特征方程的根不等, 且 \(\alpha_{1}-\alpha_{2}\) 不等於整數. 這時, 遞推公 式 (4.2.18) 中
\[p\left(\alpha_{i}+n\right) \neq 0 \quad(i=1,2 ; n=1,2, \cdots) \]
這樣\(\mathscr{P}(\mathcal{n+\alpha})\)不是是0,遞推不會中斷。
所以, 對 \(\alpha=\alpha_{1}, \alpha_{2}\), 我們可完全確定 Frobenius 型級數的系數, 方 程 (4.2.12) 有兩個 Frobenius 型級數解.
- 特征方程有等根, \(\alpha_{1}=\alpha_{2}=\alpha\) 這時, 由於
\[p(\alpha+n) \neq 0 \]
我們可以得到, 但僅可得到一個 Frobenius 型級數解. 現在要設法 找第二個線性獨立解, 我們已知
\[y_{1}=\left(x-x_{0}\right)^{\alpha} \sum_{n=0}^{\infty} a_{n}\left(x-x_{0}\right)^{n} \]
暫且取 \(\beta\) 略不同於 \(\alpha\) 以及
\(\beta\)是\(\alpha\)的的變分,微小的偏移
\(\widetilde{a_{n}}\)是\(\beta\)通過遞推式得到
\[\tilde{y}_{1}=\left(x-x_{0}\right)^{\beta} \sum_{n=0}^{\infty} \widetilde{a_{n}}\left(x-x_{0}\right)^{n} \]
我們使系數 \(a_{n}(\beta)\) 滿足遞推關系 (4.2.18), 那么
\(a_{n}(\beta)=\widetilde{a_{n}}\)
\(\widetilde{a_{n}}\)帶入(4.2.16)
\[Ly=a_0(x-x_0)^{\alpha-2}\mathscr{P(\alpha)}\\+\sum_{n=1}^{\infty}(x-x_0)^{n+\alpha-2}\left[a_n(\mathscr{P}(\mathcal{n+\alpha}))+a_k\sum_{k=0}^{n-1}(p_{n-k}(k+\alpha)+q_{n-k})\right]=0\quad(4.2.16) \]
\(\widetilde{a_{n}}\)是\(\beta\)通過遞推式得到,必然會使中括號里為0,Ly第二項為零。
只剩第一項
\[L \tilde{y}_{1}=a_{0}\left(x-x_{0}\right)^{\beta-2} \mathscr{P(\beta)} \]

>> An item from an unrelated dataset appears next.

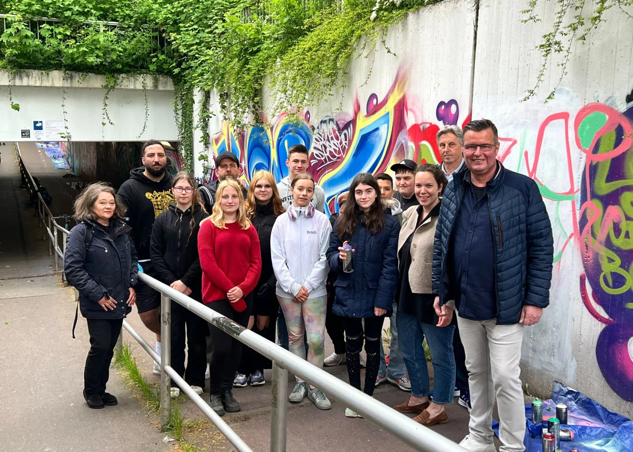 „Bevor es aber in der Unterführung losgehen konnte, mussten die Jugendlichen erst einmal lernen, wie man eine Sprühdose richtig bedient und mit welchen Techniken Bilder an den Wänden entstehen. Neben etwas Theorie wurden dazu Holzplatten genutzt, auf denen die jungen Künstlerinnen und Künstler zur Übung eigene Motive aufbringen konnten“, schreibt die Gesellschaft Lippe Bildung in einer Pressemitteilung.

兩邊對 \(\beta\) 微商, 再令 \(\beta=\alpha\)
\[\begin{array}{l} \left(\frac{\partial }{\partial \beta}L\tilde y_{1}\right)\bigg|_{\beta=\alpha}\\=\left[a_{0}(\beta-2)\left(x-x_{0}\right)^{\alpha-3} \mathscr P(\beta)+a_0\left(x-x_{0}\right)^{\beta-2} \mathscr P'(\beta)\right]\bigg|_{\beta=\alpha}\\ =a_{0}\left[(\alpha-2)\left(x-x_{0}\right)^{\alpha-3} \mathscr P(\alpha)+\left(x-x_{0}\right)^{\alpha-2} \mathscr P'(\alpha)\right]=0\\\because L是線性的\\ \therefore(\frac{\partial L\tilde y_{1}}{\partial \beta}\bigg|_{\beta=\alpha})= L(\frac{\partial \tilde y_{1}}{\partial \beta}\bigg|_{\beta=\alpha})=0,所以\frac{\partial \tilde y_{1}}{\partial \beta}\bigg|_{\beta=\alpha}是解 \end{array} \]
\[L\left(\frac{\partial y_{1}}{\partial \alpha}\right)=a_{0}\left[(\alpha-2)\left(x-x_{0}\right)^{\alpha-3} \mathscr P(\alpha)+\left(x-x_{0}\right)^{\alpha-2} \mathscr P'(\alpha)\right]=0 \]
這是因為特征方程有重根 \(\alpha\) 之故. 這說明方程 (4.2.12) 的另一個與 \(y_{1}\) 線性獨立的解為
\[y_{2}=\frac{\partial y_{1}}{\partial \alpha}=y_{1} \ln \left(x-x_{0}\right)+\left(x-x_{0}\right)^{\alpha} \sum_{n=0}^{\infty}\left(\frac{\partial a_{n}}{\partial \alpha}\right)\left(x-x_{0}\right)^{n} \]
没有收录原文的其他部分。